AGEING (Part I – denial) “You look tired” she said she was just being honest and I was tired, I just thought it wasn’t showing. Maybe this is the age the time when things start to show in the lines on my face in the bags under my eyes in the ache of our feet

and our brittle hair and our drying skin and just being tired tired all the time.
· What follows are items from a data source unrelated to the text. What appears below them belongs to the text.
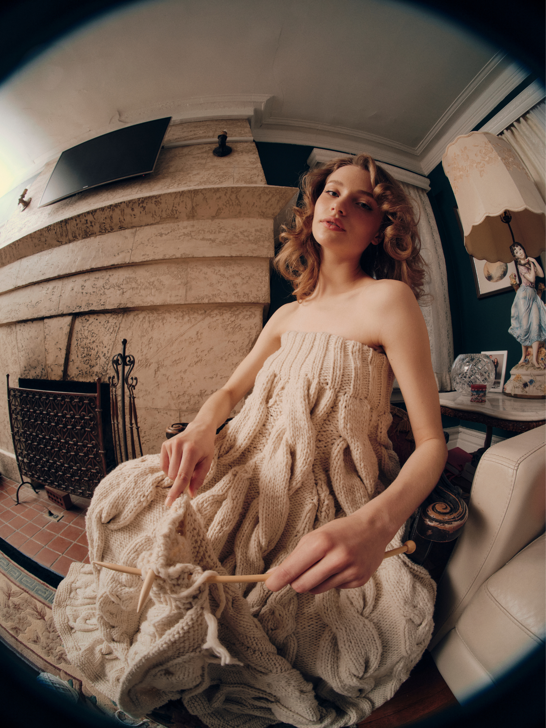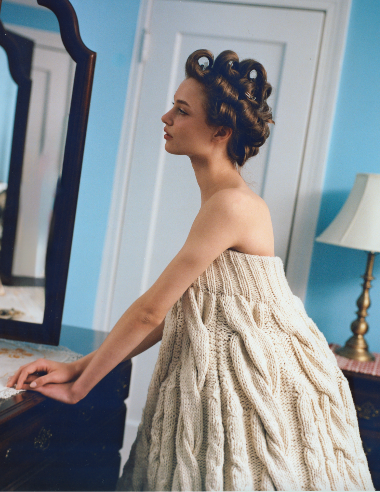 Hand-knit from soft 100% merino wool with dimensional cables and knit braids. Features a garter hem, ribbed strapless neckline, and a removable crinoline to allow for a variety of silhouettes.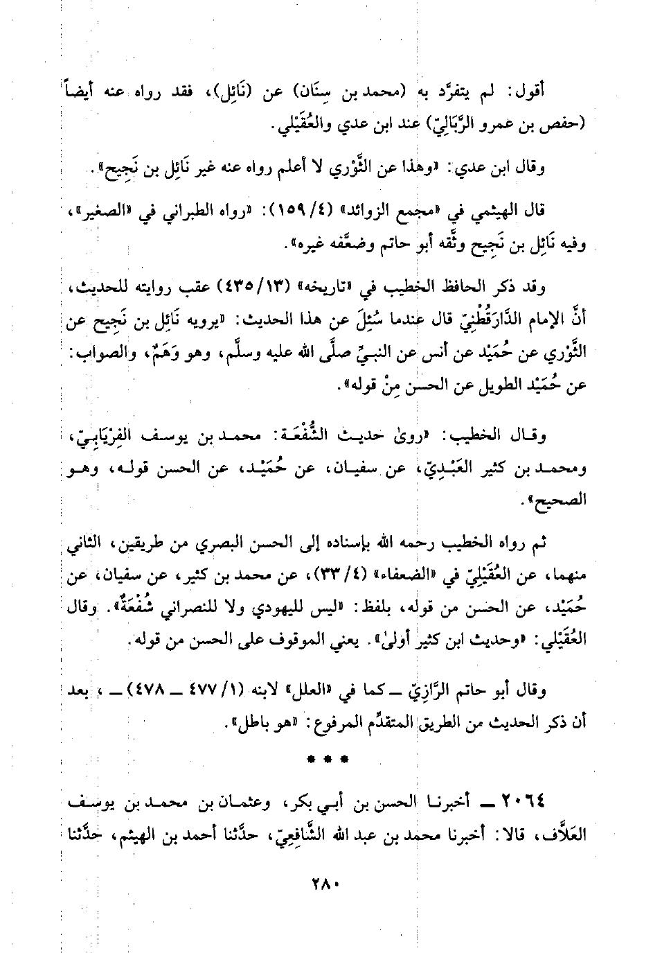 وقد ذكر الحافظ الخطيب في "تاريخه" (١٣/ ٤٣٥) عقب روايته للحديث، أنَّ الإِمام الدَّارَقُطْنِيّ قال عندما سُئِل عن هذا الحديث: "يرويه نَائِل بن نَجِيح عن الثَّوْري عن حُمَيْد عن أنس عن النبيِّ صلَّى اللَّه عليه وسلَّم، وهو وَهَمٌ، والصَّواب: عن حُمَيْد الطويل عن الحسن مِنْ قوله".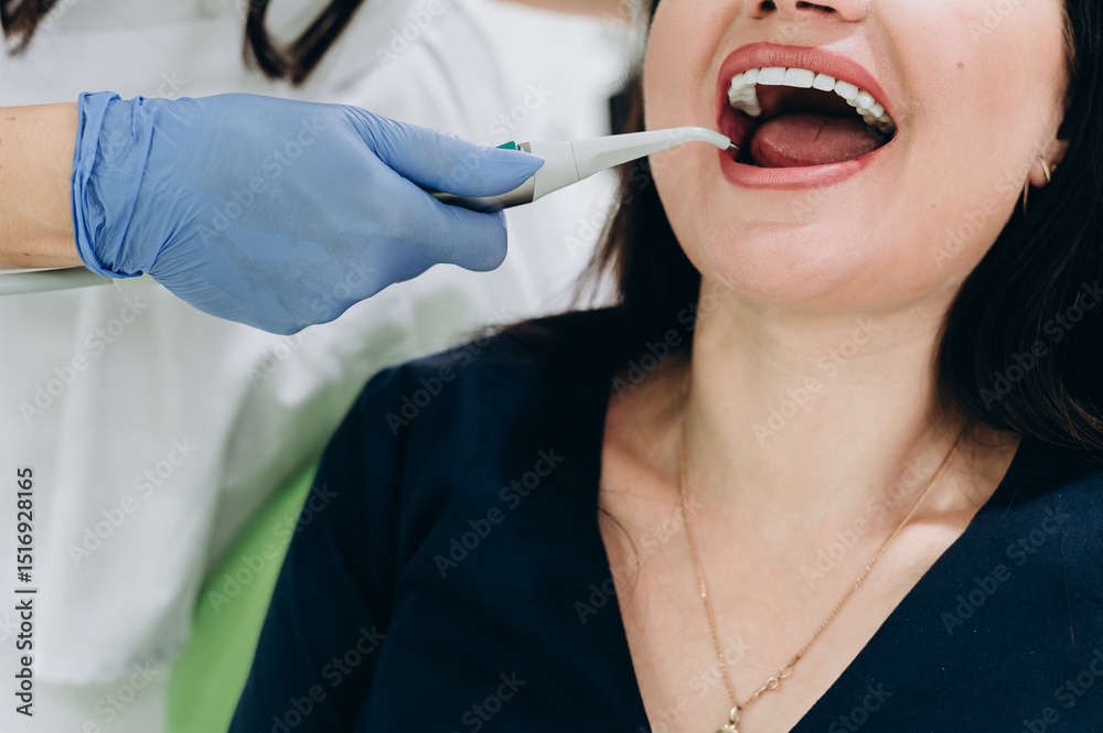 Close-up of a woman's mouth with white teeth during a dental procedure in a clinic.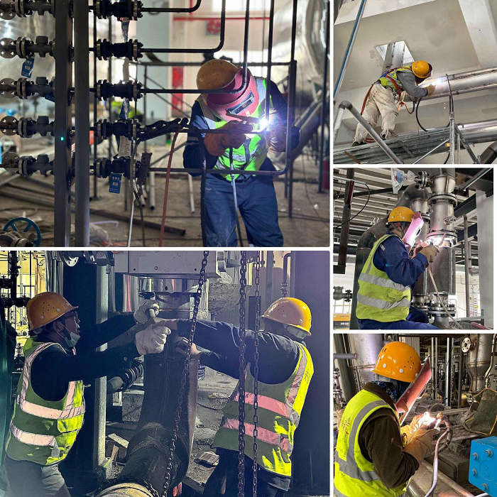 面對建設(shè)單位準(zhǔn)備在5月下旬進(jìn)行試生產(chǎn)的目標(biāo)任務(wù),車間內(nèi)新增管線是否能夠按時完成就成為確保試生產(chǎn)順利進(jìn)行的最大難題。為此,項目部精心組織、加強(qiáng)協(xié)調(diào),認(rèn)真部署,通過多次召開碰頭會最終達(dá)成最優(yōu)施工進(jìn)度方案,做到明確每日進(jìn)度內(nèi)容,合理安排施工人員,積極做好施工現(xiàn)場各項安全防護(hù)工作,在保證原有工程量的基礎(chǔ)上,對新增管線進(jìn)行科學(xué)分解,新增突擊作業(yè)隊,采用“5+2”“白加黑”,多個小組多工作面同時施工的方法,開足馬力快速推進(jìn),從而大大提高了施工速度,提升了工作效率。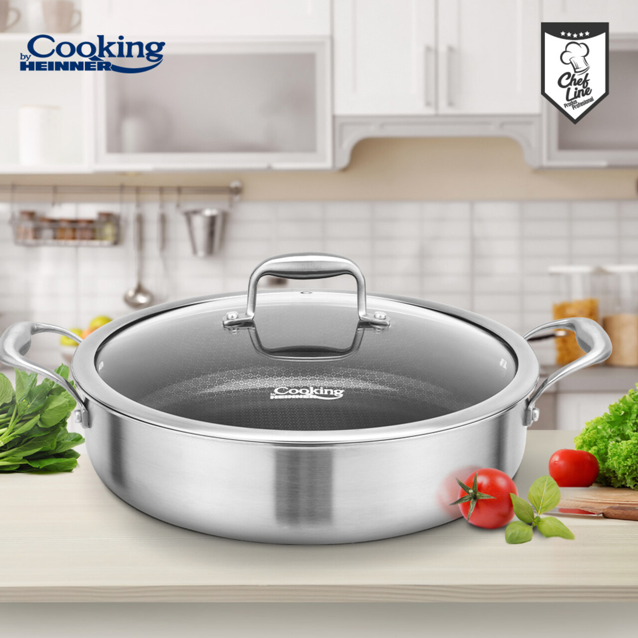 Vasele din inox Heinner au baza capsulata, astfel incat caldura sa fie distribuita uniform pe toata suprafata bazei, reducand considerabil consumul de energie si timpul de preparare. Capacul este prevazut cu o portiune perforata pentru a elimina aburii in timpul fierberii. Adaugand caracteristici precum acoperirea ceramica antiaderenta HONEYCOMB, cu protectie la zgarieturi, peretele in trei straturi (inox-aluminiu-inox) si baza cu inductie, face ca acest produs sa fie ideal pentru bucataria dumneavoastra.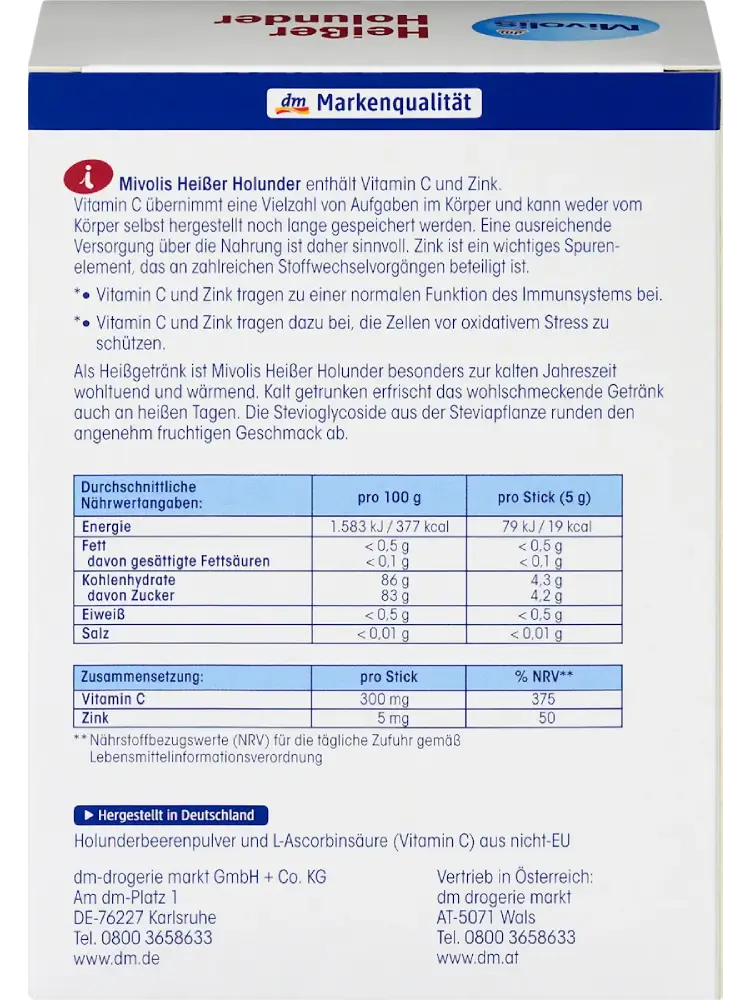 Mivolis Heißgetränk, Heißer Holunder (20 Sticks), 100 g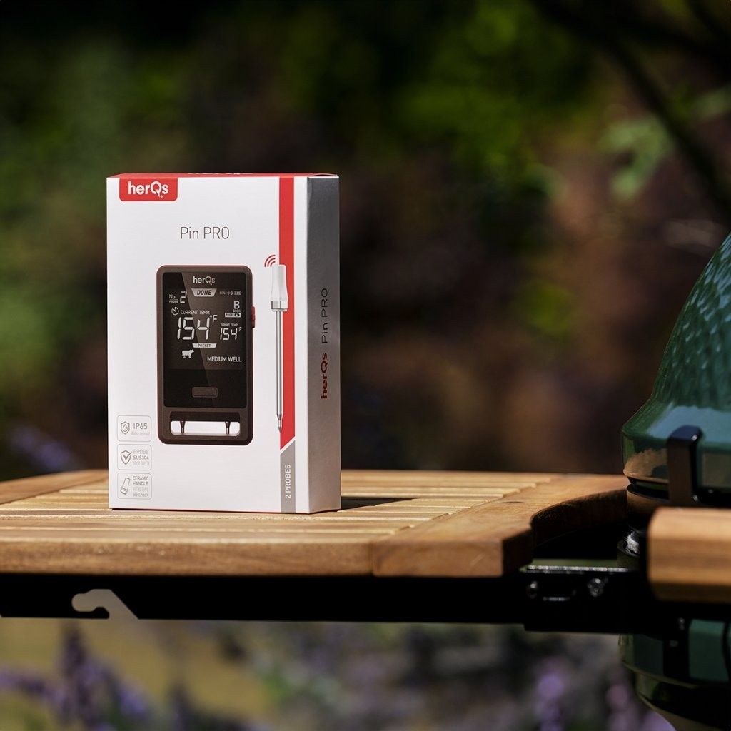 HerQs Pin PRO är en avancerad, trådlös köttermometer som förenklar matlagningen genom exakt temperaturövervakning och fjärrstyrning via en kostnadsfri app.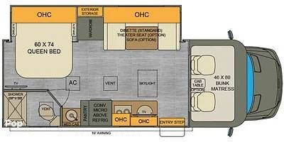 With a rear RV queen in the slide and a 46″ x 80″ cab-over bunk, it provides generous room for up to four. Very comfy stadium-style loveseat with massaging and a recliner.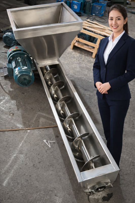 - Optimized Screw Pitch: The screw flighting is engineered with a variable pitch to prevent material “plugging” at the intake, ensuring a consistent $3–5 \text{ m}^3/h$ flow rate.优化螺距: 螺旋叶片采用变螺距设计,防止进料口物料“堵塞”,确保 $3-5 \text{ 立方米/小时}$ 的稳定流量。

(Part II – acceptance) My hands look older I was taking a picture on my phone of something I wrote on my arm with blue pen and I looked at the picture of my wrist on my phone which was wrinkled


I didn’t notice it change I can’t remember what it looked like before but it must have changed. I think it creeps up on you

and suddenly all the models on the cover of Vogue are four or five years younger than you (five, long, years) and they’re there and you’re here and for just a moment you think

“life has passed me by” but of course, it hasn’t, you’ve just Lived. And so you look upon them fondly But you do not wish to go back.

_RAD


“my long hair has always been my comfort blanket so now I have to find other ways to be confident. I got a new job and a hair cut all in one day and I can’t think of a better way to kiss goodbye the catastrophic shit-storm 2018 was.“ GEORGIA


RAQUEL “BOY SHORT” I was told that girls use hair like a shield – to hide. Mine fell just past my shoulders, blonde and pulled straight down by gravity with a sweeping fringe that covered my entire forehead. The endless cycle of spots, which came first? The spot or the fringe? So when I was 14 and the hairdresser asked me what I wanted, I told them: “Cut it all off” “Boy short?” “Yes.” In the school playground, I felt visible for the first time. I had learnt that femininity was something to be ashamed of and that somehow my hair was a physical marker of this. I was happy to shed myself of it. It felt like rebellion, it felt like I had shaken something in the playground. People looked at me differently. People made assumptions about my sexuality. I asked myself, is this what it’s like to be seen? Two years later, my mum got sick and lost her hair. Suddenly, she was very visible and it wasn’t her choice. So when I was 16, and the hairdresser asked me what I wanted, I told them: “Cut it all off” “Boy short?” “No, like my mum.” Being bald taught me that winter is truly cold and I was inducted into the joys of sleeping in hats. This time, my hair was short because I chose it. Choice and the act of solidarity that unified my mother and I, felt like the most feminine thing I could ever do. It was at this time that I had allowed the wiry and wiggly hairs sprout and form little nests in my armpits. It felt powerful to simultaneously grow and to let go. I am 22 now and I wear my hair long and sometimes I cut it all down. I know now that my hair and my physical appearance has no bearing on my gender expression or my sexuality. I see my different haircuts as physical reminders of different phases in my life. The growth and shedding is visible, but only to me.